Message data aggregation, processing and storage is a common need for PubNub customers. There are a few different ways to approach this but they all share the same core concepts. When developing an application that uses PubNub, often times as the application grows, the use of channels also grows with it. Later in the process, how to aggregate this data across so many channels becomes a new concern that may not have been an initial requirement.
The Not Ideal Scenario
Naturally, aggregating all the data on backend servers and adding that server as a subscriber to all channels is the first approach. It is natural because we tend to first architect the system based on how our users interact with each other and their other realtime activities, and we think of the server aggregation as a secondary concern.
This diagram shows a publisher and subscriber on a channel, and the server is subscribing to the same channel to also receive published messages. The main problem with this scenario is what happens when you scale up, as can be seen in the next visualization.
The main challenges of adding server subscriber to every used channel is Management and Predictable Throughput. More specifically:
- Channel List grows indefinitely
- Every new channel created has to have corresponding server subscribe, on-time without race conditions
- Cannot predictably scale server load
- Message distribution is uneven
- Horizontal scaling very complicated
High Throughput & Scalable
The more optimal approach is to replace an indefinite number of channels to a finite set of channels that are dedicated for inbound messages. By dedicating channels to ingress/inbound traffic, you can control throughput, horizontal scaling, and reduce processing hotspots and uneven distribution.
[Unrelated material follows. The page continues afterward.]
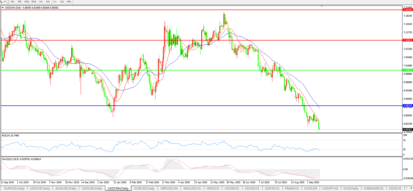 美元兑人民币USDCNH    日线图:

In this visualization you see there are 8 dedicated
Server Inbound channels, one for each CPU core. They also have a consistent channel naming scheme, like
server-inbound-2, etc. Each subscriber process only subscribes to one channel, and there are 8 processes running. This allows CPU core alignment to take place, since the OS will decide the process-core assignment. This is the most optimal design for I/O because each process requests I/O access from the CPU, and having more processes than CPU cores only slows down I/O by competing for I/O time from the CPU core.
Client apps will dual publish to both the normal channel and one of the server-inbound shards. Using a consistent hash you can shard the publishes evenly across shards and many client apps.
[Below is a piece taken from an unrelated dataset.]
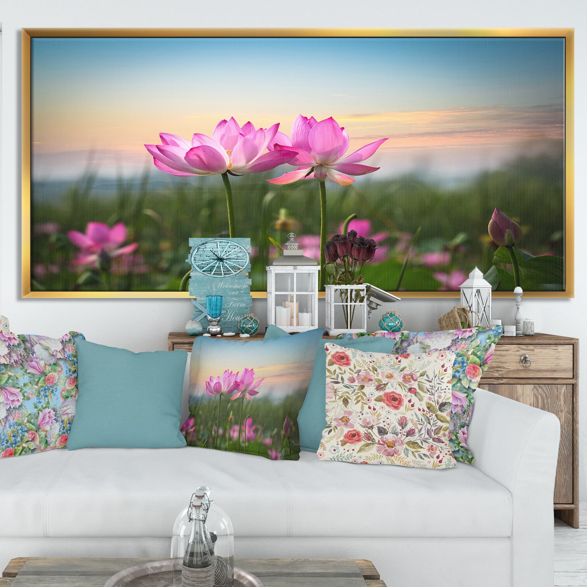 Designart - Blooming Lotus Flowers at Sunset - Floral Photo Framed Canvas Print

When you are receiving messages on a process, and you have multiple processes, you want consistent growth and have a predictable load for each process. If all the messages end up on one process, that process will get overloaded. There are some examples in the past where data sharding wasn't done properly within distributed databases that illustrate this problem, where a particular database shard was receiving 80% of the traffic and would crash.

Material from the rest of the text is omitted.